◆ What you should do
Every line of the listing below from the one with "En el cuidado" up to and including the one with "F520 Lot of" should be retyped exactly, and nothing else; pictures are not part of the copy.

◆ Source material

[Start of section]

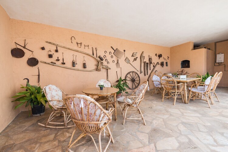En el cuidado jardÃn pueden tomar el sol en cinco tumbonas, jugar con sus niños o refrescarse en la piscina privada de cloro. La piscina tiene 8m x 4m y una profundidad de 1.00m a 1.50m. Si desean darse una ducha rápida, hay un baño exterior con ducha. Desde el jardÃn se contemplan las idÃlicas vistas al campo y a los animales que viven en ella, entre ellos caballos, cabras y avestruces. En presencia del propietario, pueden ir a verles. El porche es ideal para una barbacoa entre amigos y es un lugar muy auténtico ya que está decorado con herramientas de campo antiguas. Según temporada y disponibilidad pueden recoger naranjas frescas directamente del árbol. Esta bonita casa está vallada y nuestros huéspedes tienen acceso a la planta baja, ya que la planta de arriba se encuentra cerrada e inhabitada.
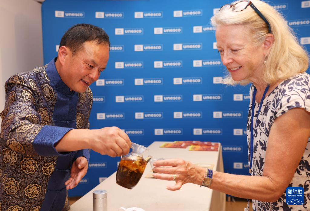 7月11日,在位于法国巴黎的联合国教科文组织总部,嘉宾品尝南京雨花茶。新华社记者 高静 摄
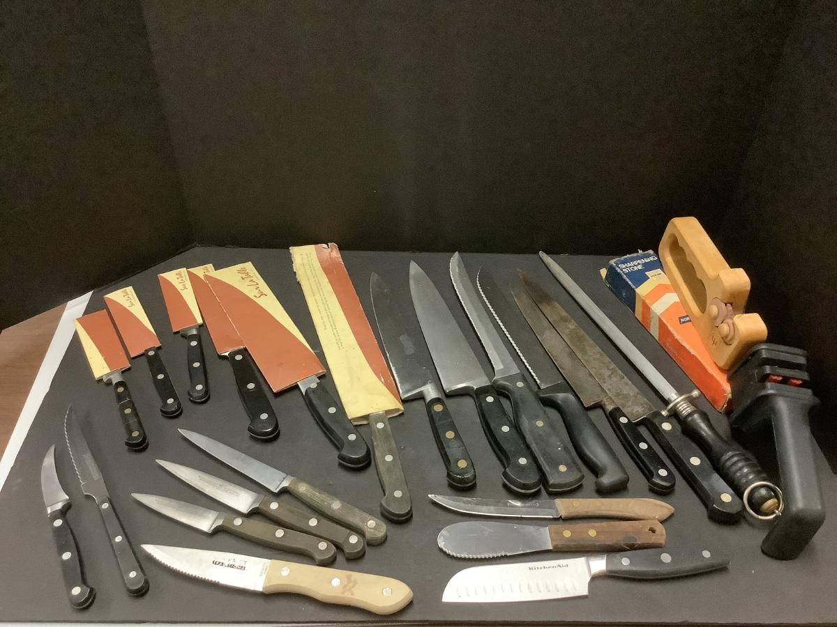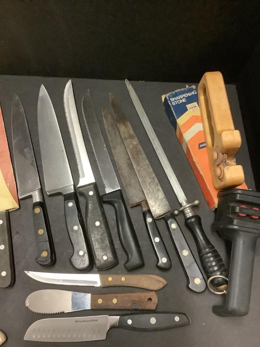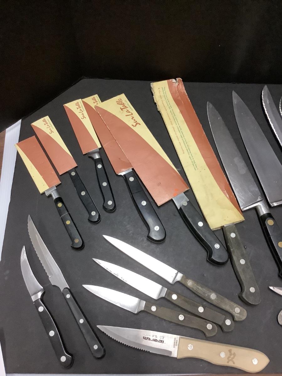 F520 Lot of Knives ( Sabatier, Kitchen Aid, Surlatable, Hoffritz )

[End of section]
[Start of section]

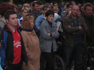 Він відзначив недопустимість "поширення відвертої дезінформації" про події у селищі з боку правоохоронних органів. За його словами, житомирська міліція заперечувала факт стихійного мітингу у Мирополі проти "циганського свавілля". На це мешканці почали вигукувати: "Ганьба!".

[End of section]

◆ Expected answer
En el cuidado jardÃn pueden tomar el sol en cinco tumbonas, jugar con sus niños o refrescarse en la piscina privada de cloro. La piscina tiene 8m x 4m y una profundidad de 1.00m a 1.50m. Si desean darse una ducha rápida, hay un baño exterior con ducha. Desde el jardÃn se contemplan las idÃlicas vistas al campo y a los animales que viven en ella, entre ellos caballos, cabras y avestruces. En presencia del propietario, pueden ir a verles. El porche es ideal para una barbacoa entre amigos y es un lugar muy auténtico ya que está decorado con herramientas de campo antiguas. Según temporada y disponibilidad pueden recoger naranjas frescas directamente del árbol. Esta bonita casa está vallada y nuestros huéspedes tienen acceso a la planta baja, ya que la planta de arriba se encuentra cerrada e inhabitada.
 7月11日,在位于法国巴黎的联合国教科文组织总部,嘉宾品尝南京雨花茶。新华社记者 高静 摄
 F520 Lot of Knives ( Sabatier, Kitchen Aid, Surlatable, Hoffritz )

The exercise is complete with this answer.